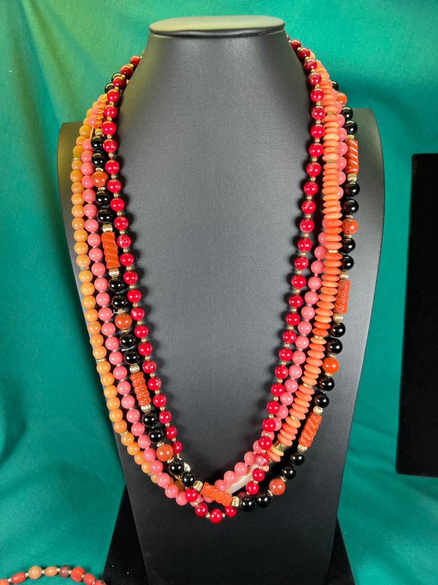 stone and glass beads, 2 18" 1 22" 4 28" and 1 30 "
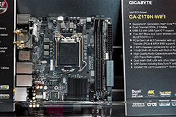 ![画像ギャラリー No.022のサムネイル画像 / [COMPUTEX]GIGABYTE,Skylake&Thunderbolt 3対応のゲーマー向けマザーボードを公開](/games/127/G012700/20150603096/TN/022.jpg) ゲーマー向けモデルではないが,オマケ気味にMini-ITXモデル,GA-Z170N-WIFI。デュアルIntel製LANコントローラ仕様で,基板背面側にPCIe 3.0 x4接続のM.2スロットを搭載する |
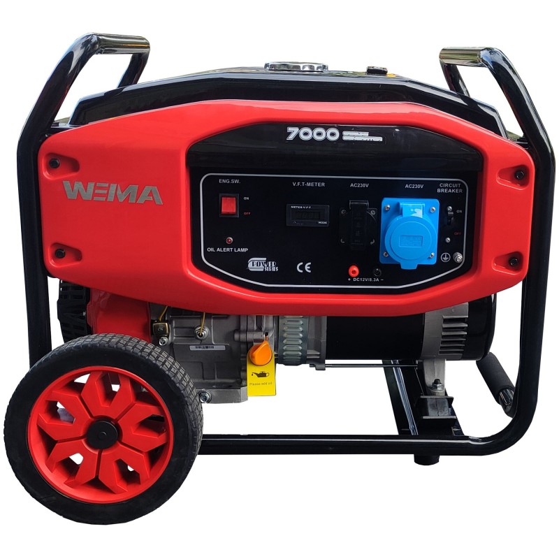 Agregat prądotwórczy WM7000 marki WEIMA to jednofazowy generator benzynowy wyposażony w silnik czterosuwowy, OHV o pojemności 420 cc i mocy maksymalnej 7 kW generujący napięcie 230 V i posiadający 2 gniazda jednofazowe oraz wyjście DC 12V/8.3A. Urządzenie posiada zbiornik o pojemności 25 litrów, który umożliwia ciągłą pracę przez 8 godzin.
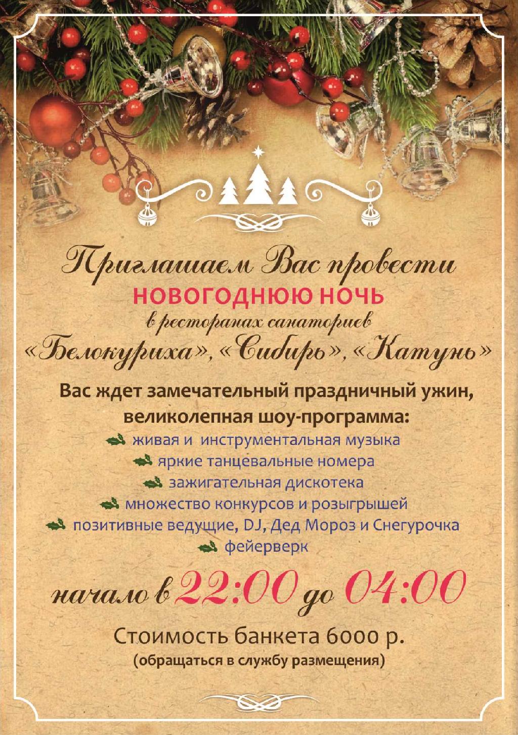 В общем, копите силы и настроение, к встрече Нового года в Белокурихе уже готовы! Даже если сам новогодний ужин для вас сугубо семейный праздник, Белокуриха всю зиму будет сиять для вас праздничными огнями, сверкать ледовыми катками, манить запахом хвои и глинтвейна, и сверкать россыпью белоснежных снежинок...
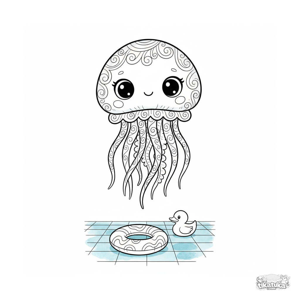 Página para colorear compleja para niños mayores 10-12: una medusa flota sobre un aro inflable y un juguete en el fondo. Tentáculos largos, texturas, atmósfera de agua tranquila.
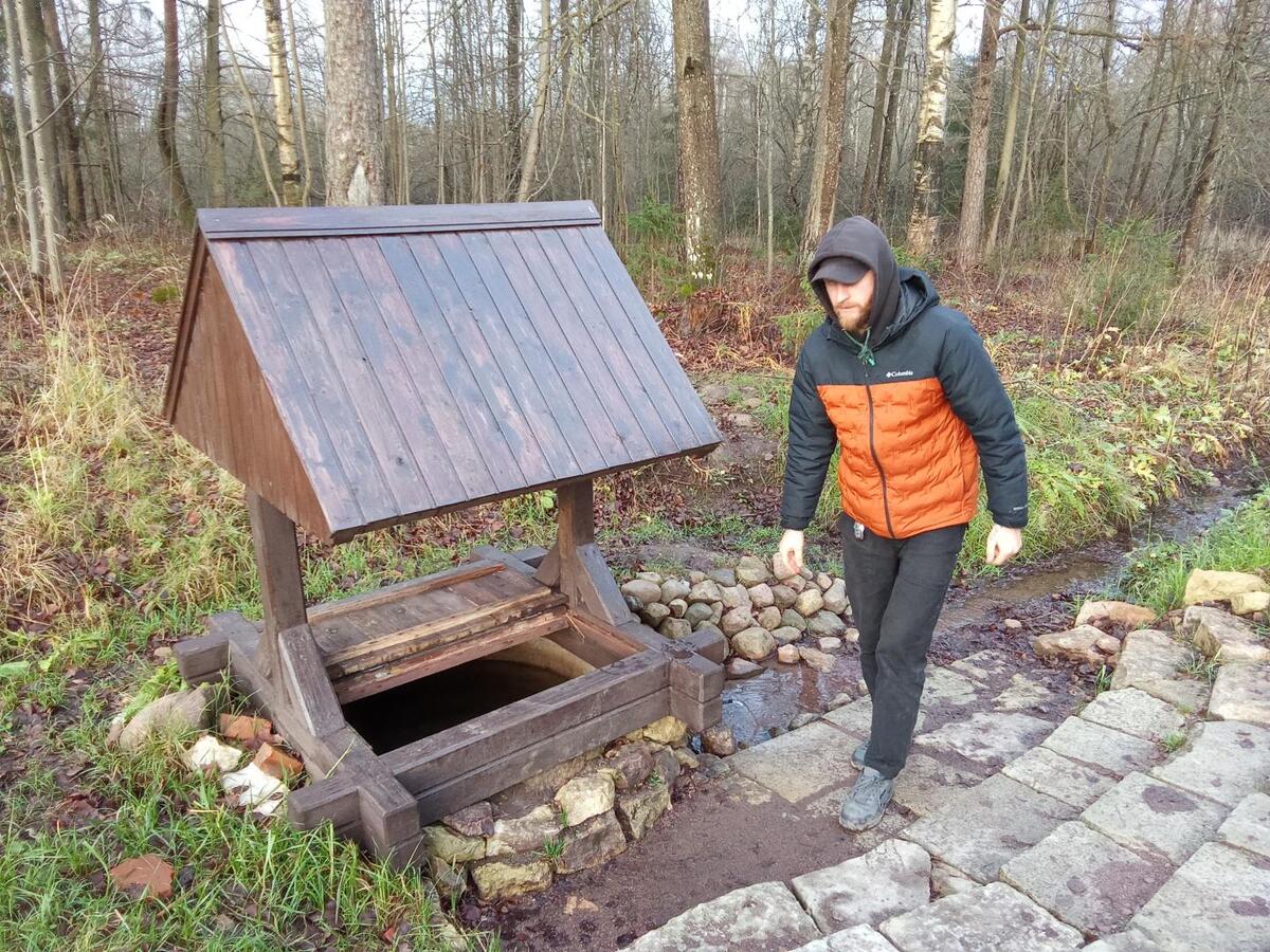 На пересечении дорог Цагове и Можжевеловой, ближе к Сокколовскому шоссе, находится красивый родник. Как пояснил Семен Павлович, родник старый. Его нашли на исторических чертежах. Неподалеку на поляне стоял егерский домик, казармы и большой загон для скота.
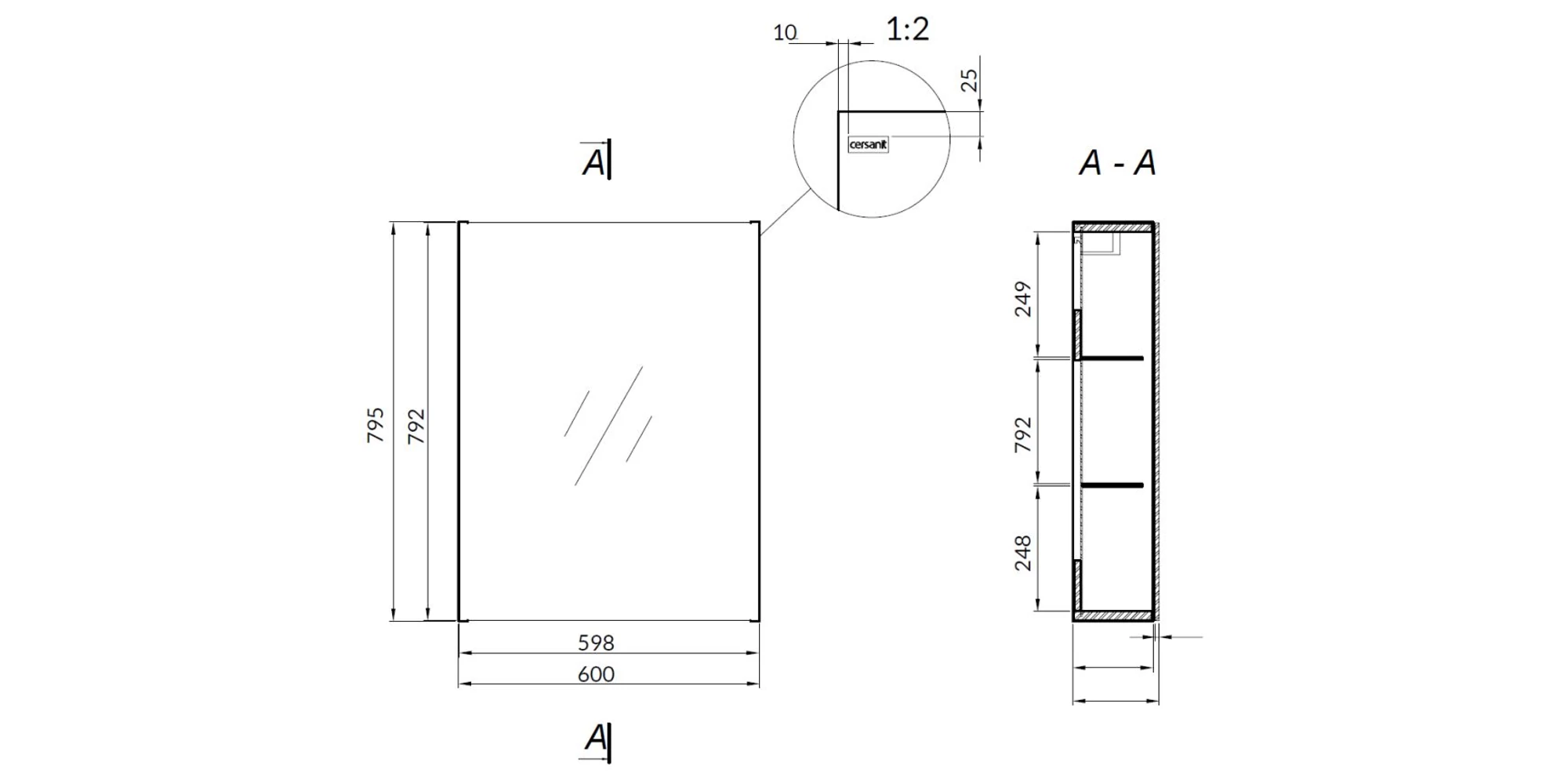 Dulap cu oglinda, Inverto 60 CERSANIT S930-011 | 20530651 | 1.449,00 Lei | Dulap | Confort prin instalații de calitate | Melinda InstalSpecificații tehnice
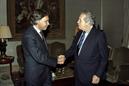 Mário Soares, Presidente da República, cumprimenta Felipe Gonzalez, Primeiro-Ministro de Espanha, no Palácio de Belém em Lisboa.

§ TASK DETAILS
From the line that includes "Dulap cu oglinda, Inverto" on down to the last line of the entries above, set down each line exactly, leaving out the pictures.

§ OUTPUT
 Dulap cu oglinda, Inverto 60 CERSANIT S930-011 | 20530651 | 1.449,00 Lei | Dulap | Confort prin instalații de calitate | Melinda InstalSpecificații tehnice
 Mário Soares, Presidente da República, cumprimenta Felipe Gonzalez, Primeiro-Ministro de Espanha, no Palácio de Belém em Lisboa.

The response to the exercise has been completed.